The stretch wanted below opens at the line containing "꽃무늬와 뱀피, 러플" and closes at the line containing "Please look at". Please return it exactly, with no other lines.

STORED DATA

******************************

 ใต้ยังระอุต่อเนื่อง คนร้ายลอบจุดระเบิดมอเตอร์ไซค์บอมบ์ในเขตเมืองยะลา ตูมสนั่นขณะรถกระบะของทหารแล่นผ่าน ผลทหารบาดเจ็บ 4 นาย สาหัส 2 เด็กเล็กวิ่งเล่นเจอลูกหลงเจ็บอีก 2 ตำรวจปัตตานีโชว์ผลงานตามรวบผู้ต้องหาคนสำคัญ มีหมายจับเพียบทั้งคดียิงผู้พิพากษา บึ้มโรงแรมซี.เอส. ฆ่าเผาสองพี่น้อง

******************************

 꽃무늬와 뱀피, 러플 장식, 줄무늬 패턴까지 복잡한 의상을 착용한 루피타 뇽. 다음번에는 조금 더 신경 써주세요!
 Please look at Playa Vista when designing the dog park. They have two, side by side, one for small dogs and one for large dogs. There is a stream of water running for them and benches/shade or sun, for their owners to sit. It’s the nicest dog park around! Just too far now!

******************************

FINISHED EXERCISE
 꽃무늬와 뱀피, 러플 장식, 줄무늬 패턴까지 복잡한 의상을 착용한 루피타 뇽. 다음번에는 조금 더 신경 써주세요!
 Please look at Playa Vista when designing the dog park. They have two, side by side, one for small dogs and one for large dogs. There is a stream of water running for them and benches/shade or sun, for their owners to sit. It’s the nicest dog park around! Just too far now!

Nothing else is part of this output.